15 More Stories from the Oak
Gnawing Ivories
Day 120- Gnawing Ivories
The smile was what you would notice first. It was warm, it was sunny. It reached your eyes first, with sparkling teeth. They were like pebbles, bleached white by the constant motion of water over them. Those pebbles in the streams, they are tossed and turned around, and carried from one place to another with no control over their hurtling bodies. She was that way. The only thing she had control over was that skin she wore, and those sparkling teeth. Truly, they were a work of art. Perhaps she brushed them diligently every day. Perhaps she woke up in the morning just so that she could look in the mirror and see them winking back at her in the soft feel of the morning.

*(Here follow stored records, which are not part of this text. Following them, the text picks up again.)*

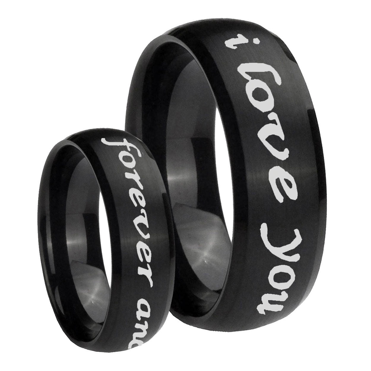 Style the 10mm I Love You Forever and ever Dome Brush Black Tungsten Rings for Men. This brushed black dome ring with I Love You Forever design is perfect for men.
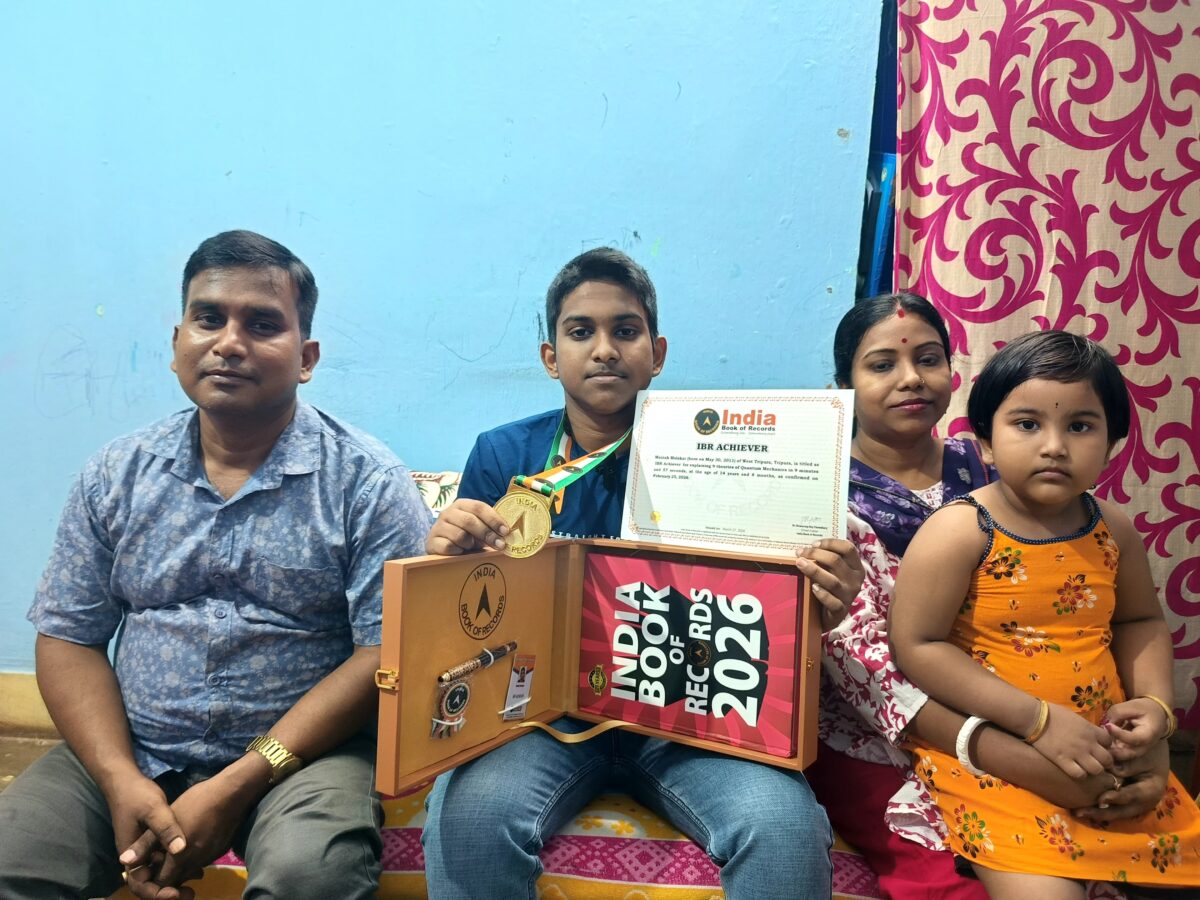 আগরতলা।।রেকর্ড গড়ল আগরতলার মৈনাক। আগরতলার নবম শ্রেণির ছাত্র মৈনাক মালাকার অল্প বয়সেই গড়ল নজির। মাত্র ১৪ বছর ৮ মাস বয়সে নিজের কৃতিত্বে জায়গা করে নিল Indian Book of Records-এ। আইবিআর সূত্রে জানা গেছে, মৈনাক মাত্র ৯ মিনিট ৫৭ সেকেন্ডে কোয়ান্টাম মেকানিক্সের ৯টি তত্ত্ব ব্যাখ্যা করে এই স্বীকৃতি অর্জন করেছে—যা এই বয়সে বিরল কৃতিত্ব। মৈনাক জানায়, […]
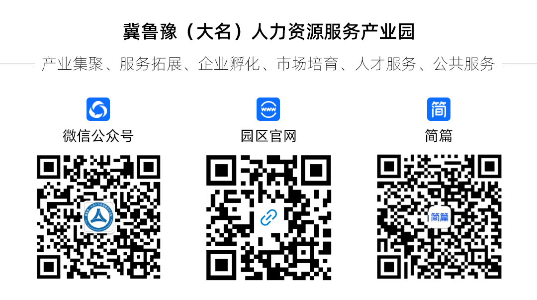 冀鲁豫(大名)人力资源服务产业园位于邯郸市大名县京府大街362号行政服务服务中心4-5层,园区采取“政府主导、行业引导、市场化运营”的模式,围绕 “人力资源服务高地”总目标,突出“产业集聚、服务拓展、企业孵化、市场培育、人才服务、公共服务”六大功能定位,构建人力资源服务新业态和新模式,全力打造“立足大名、服务邯郸、辐射河北、链接冀鲁豫”的多层次、多元化、专业性的全人力资源服务行业生态圈。
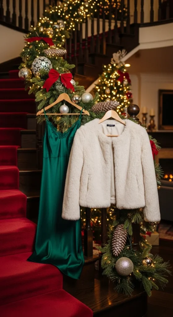 Affordable faux fur options can be found easily in second-hand stores. If you already own a satin nightdress, you can style it as a slip dress by adding a belt. Keep jewelry minimal. A small chain necklace or simple studs are enough. Add heels or soft ballet flats depending on comfort. This outfit works beautifully for an evening dinner or Christmas party, giving a glamorous but not overdone effect.
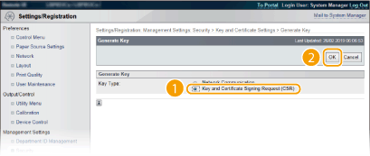 Vyberte položku [Key and Certificate Signing Request (CSR)] a kliknite na položku [OK].

When you first saw her, it seemed that the world was going her way. I imagine her like that sunlight directly after a cloud has passed. It is a bright day, but there are clouds in the sky. Then you look around and everything looks dull, and it is because a large cloud has obscured the day. You don’t notice the onset of the black, but the reappearance of sunlight is apparent and stark.
So she was like that. Like a girl who had things in her back pocket that she knew and you didn’t.
I said hello, and I smiled. Soon after I opened my mouth to copy my gesture, I stopped short and hid my teeth again. Mine were yellow, and too sharp at the edges. Good for chewing, bad for spewing. Instead, I had the edges of my lips fly upwards. My eyebrows mimicked the motion.
It was as if she didn’t even see me. Her teeth continued to sprinkle joy and relief, and I continued to stare diligently at them. That was the danger though, I see it now. She soon walked past me, and I was left staring at the darkened places left in my field of vision.
They say staring into the sun too long can make you blind. I didn’t believe them, so I stared into the sun, because I was certain there was some sort of beautiful object to be seen. Everybody was going to miss it, and me, I was going to catch it and tell everyone of my cleverness.
A few days into my determined adventure I gave up. Instead of seeing something beautiful, all I could see when I blinked was a black hole in the middle of my vision.Gaping and guffawing at my foolishness. That’s what I thought it did. So I stopped staring at the sun. And staring at her teeth was like staring at that round circular object.
I’ve said once, I’ll say it again: that was the mistake. Thinking back a few days later I realized that I had not the slightest idea what her face looked like. Not her hands either, or her feet. But most starkly, her eyes were blank to me. I didn’t meet her or see her. I just met her teeth, and even those now were just dark splotches of memory, fading fast into dervishes of dust.
It wasn’t until later that I had the chance to meet the woman I had once knew intimately through the white pillars between her lips. It was when I looked up, and saw her. Looked into her eyes, this time. She cried to me. That was when I knew, that everybody just looked at her big blazing glory of ivory. They didn’t see the small globules of water forming just as the tips of her eyes. As she passed with her bright beaming, I smiled again. With my teeth. I showed her my yellow ugly teeth that looked like an old man’s fingernails. I was proud. I was proud, because she looked at them, and quickly looked into my eyes. And there she stayed, as a little dash on my pupil. Her teeth stayed black dots of nothing. My smile stayed haunting. I laughed a short guffaw.
Maybe now she knows what happiness is all about.